Being a carer can be all-consuming, but why do some fare better than others at this job that they never actually applied for? It’s something worth thinking about.

Current research and dementia care services are typically problem-focused and designed to alleviate burden in carers.

But Warren Donnellan at the University of Liverpool is fascinated by the “hidden strength” that enables some carers to thrive. It’s something that researchers term “resilience”.

His case studies are pretty inspiring and show that with a particular mindset, a support network and good dollop of humour, people can live well as dementia carers. He believes that by promoting resilience and the positive and rewarding aspects of care-giving, we can help to improve the day-to-day lives of both carers and the people they care for. Read more here

Is Mum ready for her close-up?

Video calls for the elderly are helping reduce strain on stretched NHS. In Manchester the service has already prevented 1,000 unnecessary visits to A&E in the last year – and has freed up 2,000 GP appointments. Nurses have video calls with elderly people who can discuss and show their ailments.
In circumstances where elderly people may have previously called for an ambulance or GP they can now dial in for an assessment. More here from Sky News.

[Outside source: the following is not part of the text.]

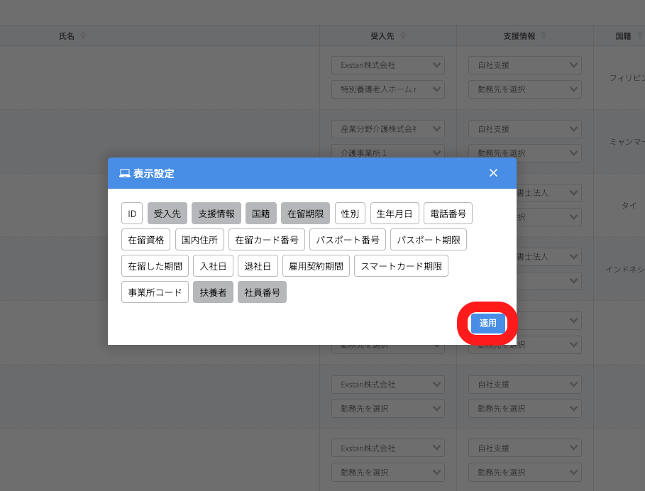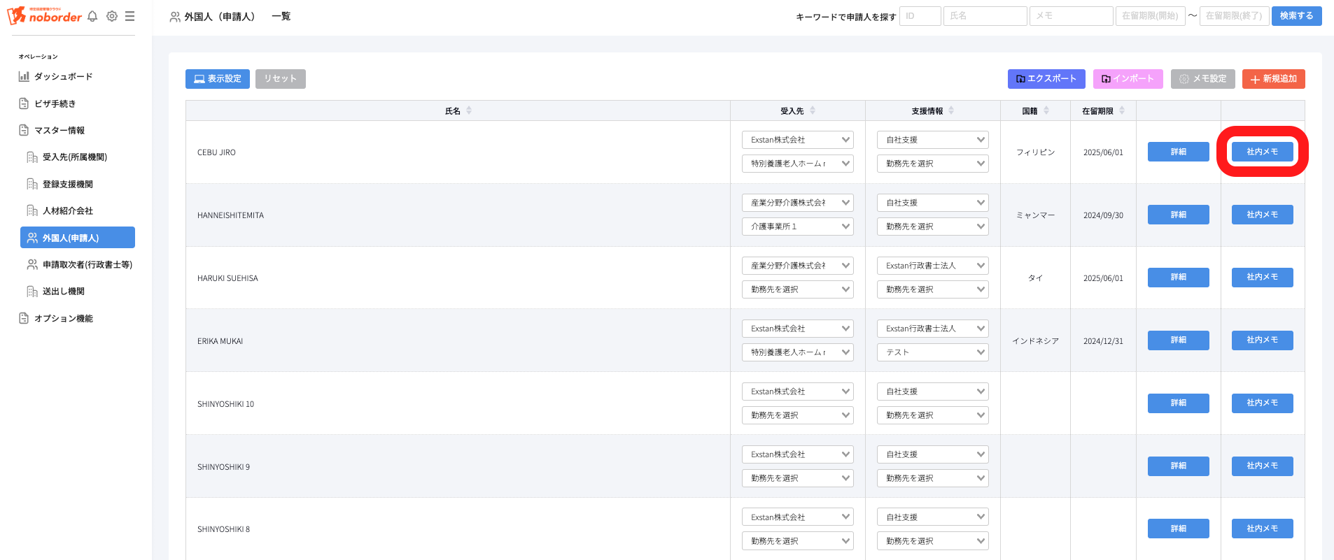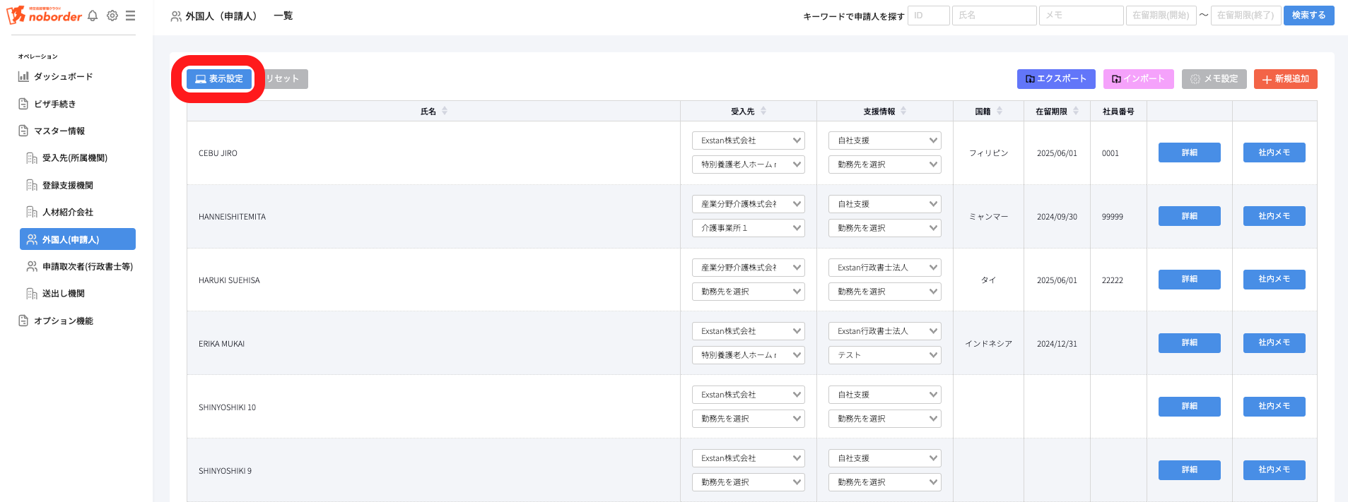 マスター外国人(申請人)一覧に戻ると、適用した項目が表示されます。

Don’t keep taking the tablets

Thousands of pharmacists and pharmacy technicians will be sent  into care homes to carry out checks on residents and review their medicines, NHS England has announced.

The measures aim to improve the quality of life, cut hospital stays and reduce over-medication.

Health officials say that up to four in 10 hospital admissions by elderly residents could be avoided if they were given the right care, without over-use of medication. Around 400,000 people live in nursing and residential homes in England – taking an average of seven types of medication daily. Read more here

Access all areas!

Getting out and about is important for everybody. Research shows that physical activity in the fresh air can have a really positive effect on mental health, as well as physical.

So it’s good news that The Rough Guide to Accessible Britain, which now also features information aimed specifically at people with hidden conditions, such as autism and anxiety, is available free online with more than 180 ideas for days out. Reports include essential information such as proximity of disabled parking, wheelchair access, and more.

Aiming to inspire more people to enjoy the best of Britain’s attractions, whatever their ability, the guide includes features such as quiet mornings, picture stories or bespoke queuing arrangements, as well as details of ramps, accessible toilets and parking spaces. Download it here  or view it online.


Meanwhile Sport England is investing nearly a quarter of a million pounds in a new six-month pilot aimed at getting older people active.

“10 Today” provides a series of easy, accessible and enjoyable 10-minute exercise broadcasts – for both radio and online. Follow them almost anywhere and at any time.

Inspired by Radio Taiso, an established and evidence-based national daily exercise broadcast on Japanese radio, 10 Today has been produced and led by older people, for older people.

It aims to increase physical activity among older people across the country, helping to reduce social isolation and improve the physical and mental wellbeing of participants. Find out more

And finally…

No more feeling guilty about settling down with a coffee and a puzzle! Completing a daily Sudoko could delay brain ageing by eight to 10 years, a study of nearly 20,000 people suggests.

Researchers had already discovered that people who regularly solve crosswords have sharper brains, but new results show number puzzles have the same impact.